Source data Block Start
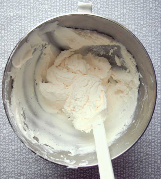 Mezclar la mitad del envase del blanco glaseado con 1,5 tazas de azúcar impalpable.
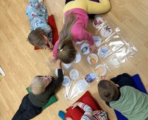 Vanemad lapsed ladusid pudelikorkidest pandipakendi märgi. Eelnevatel päevadel olime vaadelnud pudeleid ja rääkinud, mida erinevad tähed märgil tähistavad.
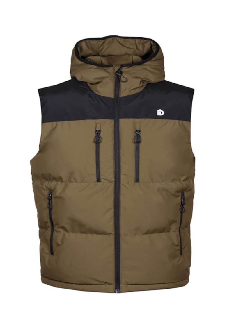 Характеристики Тип продукт: елек Цвят: кафяв Материал: полиестер – полиамид Кройка: стандартна Принт: лого Качулка: с качулка Дължина ръкав: без ръкав Джобове: 2 външни с цип Детайли: 2 джоба с цип – качулка Закопчаване: цип Състав Външна част: 100% полиестер – 100% полиамид
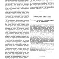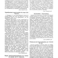 0611 - Page 375 - Actualités médicales. Le traitement de la neurosyphilis par la malaria / Typhobacillose expérimentale du singe et de l'homme / Signes éléctrocardiographiques de l'action du glucose sur le myocarde / Arachnoïdite chiasmatique / Traitement de l'agranulocytose par l'extrait de foie
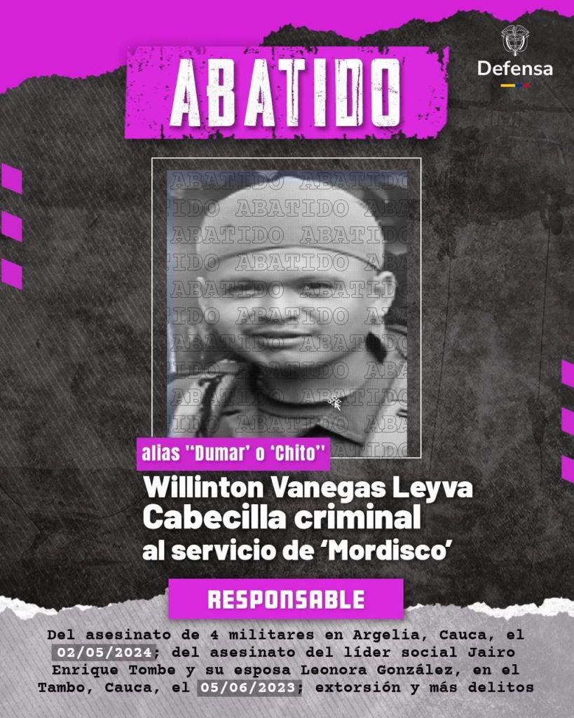 El Ejército Nacional confirmó la muerte en operaciones militares de alias “Dumar” o “Chito”, señalado como uno de los principales cabecillas de las disidencias de las FARC al mando de Iván Mordisco.
Source data Block End
Type the lines above out again exactly as they appear, skipping every picture.

 Mezclar la mitad del envase del blanco glaseado con 1,5 tazas de azúcar impalpable.
 Vanemad lapsed ladusid pudelikorkidest pandipakendi märgi. Eelnevatel päevadel olime vaadelnud pudeleid ja rääkinud, mida erinevad tähed märgil tähistavad.
 Характеристики Тип продукт: елек Цвят: кафяв Материал: полиестер – полиамид Кройка: стандартна Принт: лого Качулка: с качулка Дължина ръкав: без ръкав Джобове: 2 външни с цип Детайли: 2 джоба с цип – качулка Закопчаване: цип Състав Външна част: 100% полиестер – 100% полиамид
 0611 - Page 375 - Actualités médicales. Le traitement de la neurosyphilis par la malaria / Typhobacillose expérimentale du singe et de l'homme / Signes éléctrocardiographiques de l'action du glucose sur le myocarde / Arachnoïdite chiasmatique / Traitement de l'agranulocytose par l'extrait de foie
 El Ejército Nacional confirmó la muerte en operaciones militares de alias “Dumar” o “Chito”, señalado como uno de los principales cabecillas de las disidencias de las FARC al mando de Iván Mordisco.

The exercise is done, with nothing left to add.